Gather 'round, because I've got a cool project to tell you about – something I've been tinkering with that brings our beloved Pulp API into the wild west of LLMs. Imagine being able to chat with an AI, asking it to list your repos, upload content, or maybe even publish a new version, all by just typing out what you want. That's been the dream I've been chasing!

I've been building a Model Context Protocol (MCP) server that lets a user interact with an LLM (Large Language Model) directly, and here's the kicker: this MCP server was specifically designed to talk to the Pulp API! How cool is that?

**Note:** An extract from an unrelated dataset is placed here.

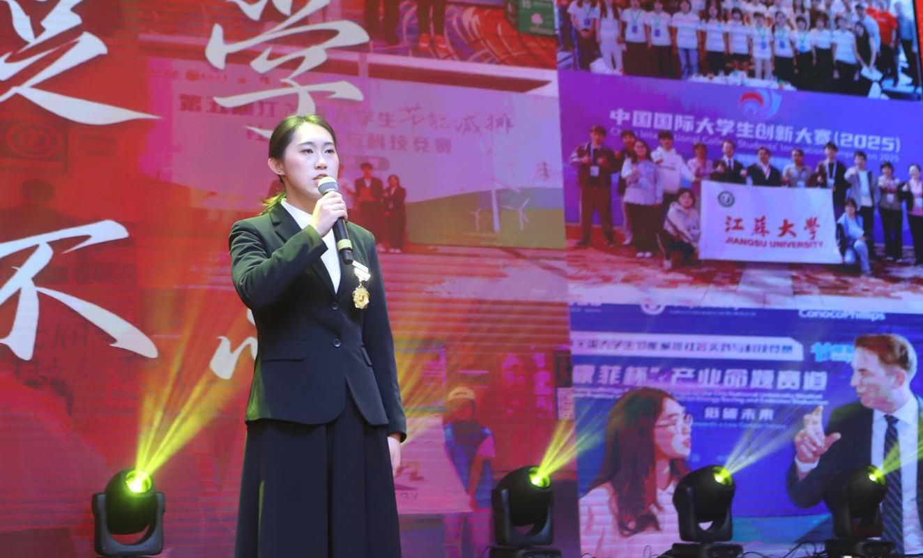 “博学”校长奖章获得者、能源与动力工程学院新能源科学与工程专业2022级本科生许欢、“求是”校长奖章获得者、电气信息工程学院农业电气化专业2022级本科生罗王飞分别分享了奋斗成长故事。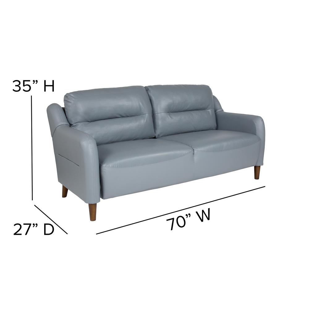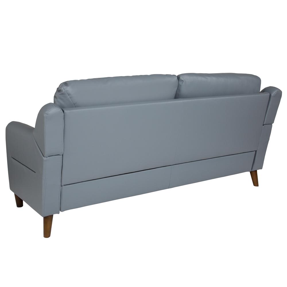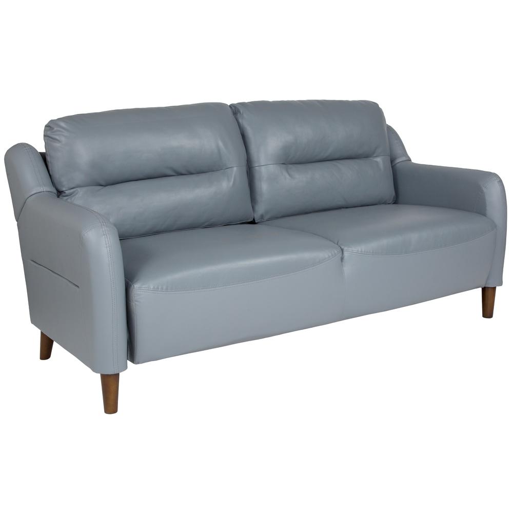 Newton Hill Upholstered Bustle Back Sofa in Gray LeatherSoft

Let's break down the ingredients of this digital stew:

The Secret Sauce: What Made This Possible

First, a quick intro to the tech I wrangled:

  • Model Context Protocol (MCP): So, imagine LLMs are super smart but need a manual to interact with the world outside their brain. MCP is that manual. It's a fancy way to let LLMs know about "resources" (like, "hey, here's what a repository looks like in Pulp") and "tools" (like, "you can use this 'create_repo' tool to make a new one!"). This structured chat helps the AI actually do things, not just talk about them.

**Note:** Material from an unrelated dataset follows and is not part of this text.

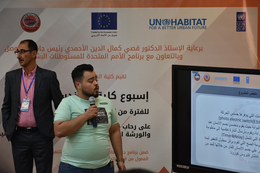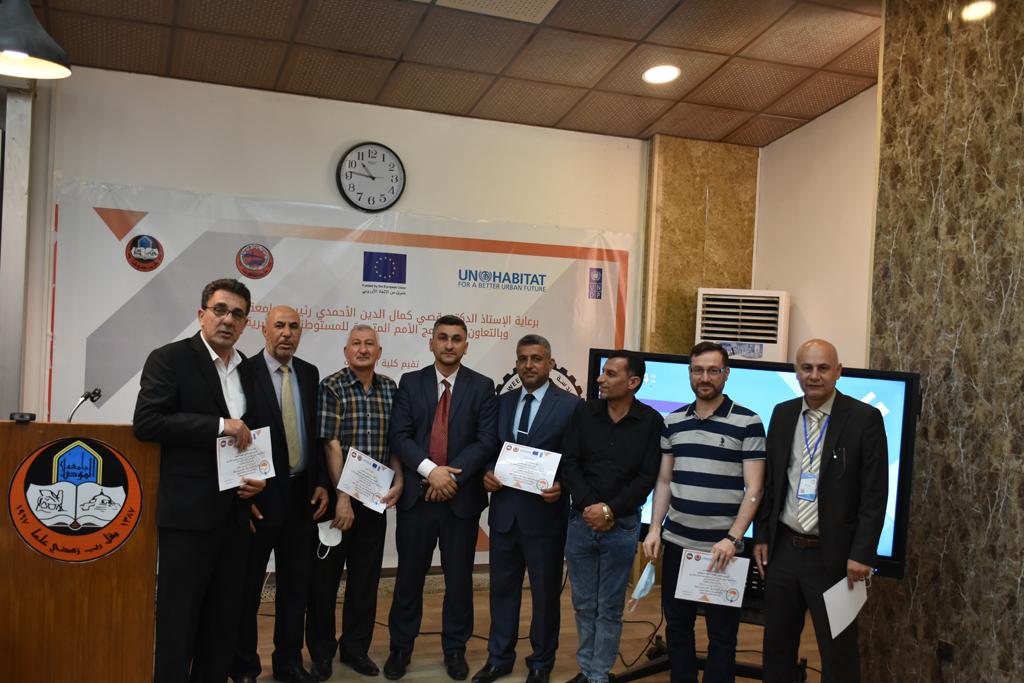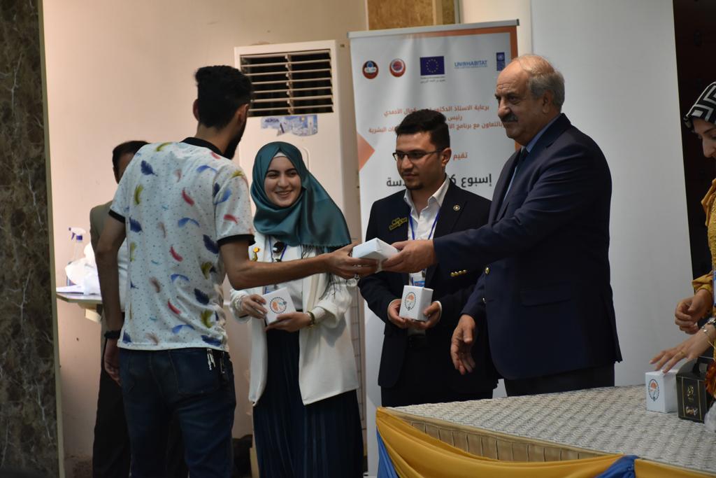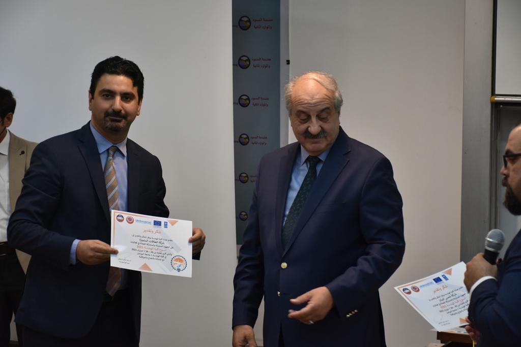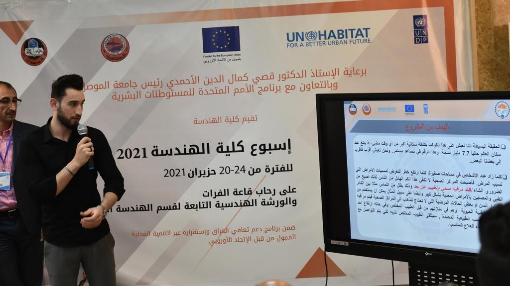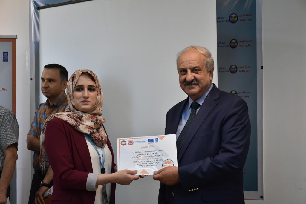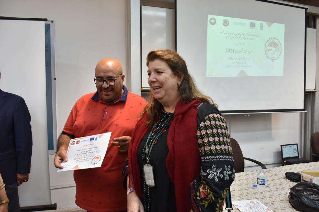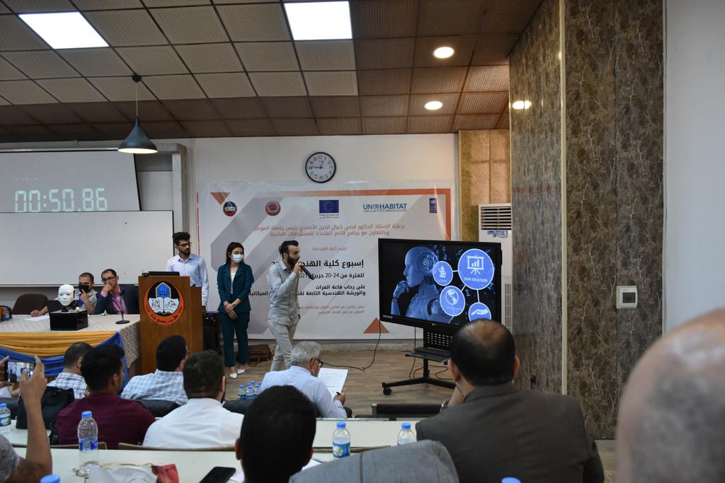 بدأت فعاليات اليوم الخامس بمحاضرة لمسؤولين من المكتب الاستشاري الهندسي هما الدكتور سعد زغلول والدكتور عدي عسل بعنوان “دور المكتب الاستشاري في المشاريع الهندسية واهميته في تطوير الخبرات وامكانيات الكادر التدريسي”. تبعتها كلمة ترحيبية الكترونية من قبل السيدة غادة حميد ممثلة الاتحاد الأوربي أشادت فيها بفعاليات الأسبوع وتمنت فيها المزيد من التعاون بين الكلية والاتحاد.عند الساعة العاشرة والنصف بدأت فعاليات التكريم لنخبة من التدريسيين المتقاعدين بحضورهم او من ينوب عنهم حيث قدم عميد كلية الهندسة الاستاذ الدكتور بيار جعفر السليفاني درع تكريم وفاءً لمسيرتهم الإدارية والتدريسية الطويلة. وهم كل من:الاستاذ المساعد محمد سليمان حسن ابراهيم الغبشةالدكتور قيدار مجيد قدو صالح قبعالدكتور ضياء علي بشير محمد النعمةالاستاذ الدكتور فاروق خليل عموري عبد الله العموريالدكتورة ايمان حازم شيت بهنامالدكتور طارق عبد الله خلفالدكتور مؤيد سعدالله خليل حياويالاستاذ الدكتور عبد الحكيم حامد احمد العزوالاستاذ الدكتور علي حيدر سعد علي الجميلالاستاذ الدكتورة حفصة رمزي محمد صديق العمريالدكتور مظفر انور النعمةالدكتور ثامر صابر يونسالاستاذ الدكتور برهان محمود احمد حسين العليالاستاذ الدكتور سعد علي حسن احمد الطعانالاستاذ الدكتور خالد عبد العزيز عبد الفتاح حسن زكريااعقبها قيام السيد العميد أيضا بتكريم أفراد المنظمة المساهمة في هذا الحدث برئاسة السيدة اننا سوافي، ثم من ينوب عن الشركات المشاركة في المعرض المفتوح ثم اللجنة التحضيرية والفرعية المنجزة لاسبوع كلية الهندسة 2021 ثم تكريم للتدريسيين والموظفين المتميزين في عمادة كلية الهندسة وكل الأقسام ثم تكريم الفائزين بالمراتب الثلاث الأولى في منافسات مسابقة الشطرنج.الفقرة الأخيرة كانت فعالية طلابية في قاعة الفرات بدأت بإستكمال مسابقة المعلومات العامة حيث كان المتسابقون من هندسة البيئة والهندسة الكهربائية، حيث فاز فريق هندسة البيئة وتم تكريمهم بجوائز.اعقبها المسابقة النهائية لمشاريع التخرج لأقسام كلية الهندسة حيث كانت المسابقة ترشيح أفضل اثنين او ثلاثة من المشاريع المشاركين بالمعرض المفتوح.المسابقة كانت ثلاث دقائق فقط لكل مشروع ليتم عرضه للجنة التحكيم ويعقبها سؤالين فقط من قبل اللجنة والجمهور ليتم معرفة قدرة الطلبة وقابليتهم على الشرح والايضاح ليتم فوز مجموعة من المشاريع بمجموعة من النقاط المحددة من قبل لجنة التحكيم بجوائز عددها عشرون جائزة.وبهذا انتهت فعاليات أسبوع كلية الهندسة 2021 بتوفيق من الله.

  • FastMCP: Building an MCP server from scratch is like trying to build a spaceship with a screwdriver. FastMCP is the easy button for Python. It handles all the nitty-gritty details of the MCP spec, so I could focus on telling the LLM what Pulp can do. It's like having a LEGO set specifically for MCP servers – way easier than carving your own bricks!

  • Ollama: Ever wanted to run a super-smart AI on your own machine without sending all your data to the cloud? That's Ollama! It makes downloading and running LLMs locally a breeze. Privacy, speed, and no surprise bills – what's not to love? This was crucial for keeping everything in-house.

  • Llama Stack: Think of Llama Stack as the ultimate connector kit for AI. It's not just one thing; it's a whole ecosystem of tools that helps you build, scale, and deploy generative AI apps. In my setup, Llama Stack was the bridge, making sure my FastMCP server could seamlessly chat with the Ollama-powered LLM. It's like the perfect multi-tool for the Llamaverse.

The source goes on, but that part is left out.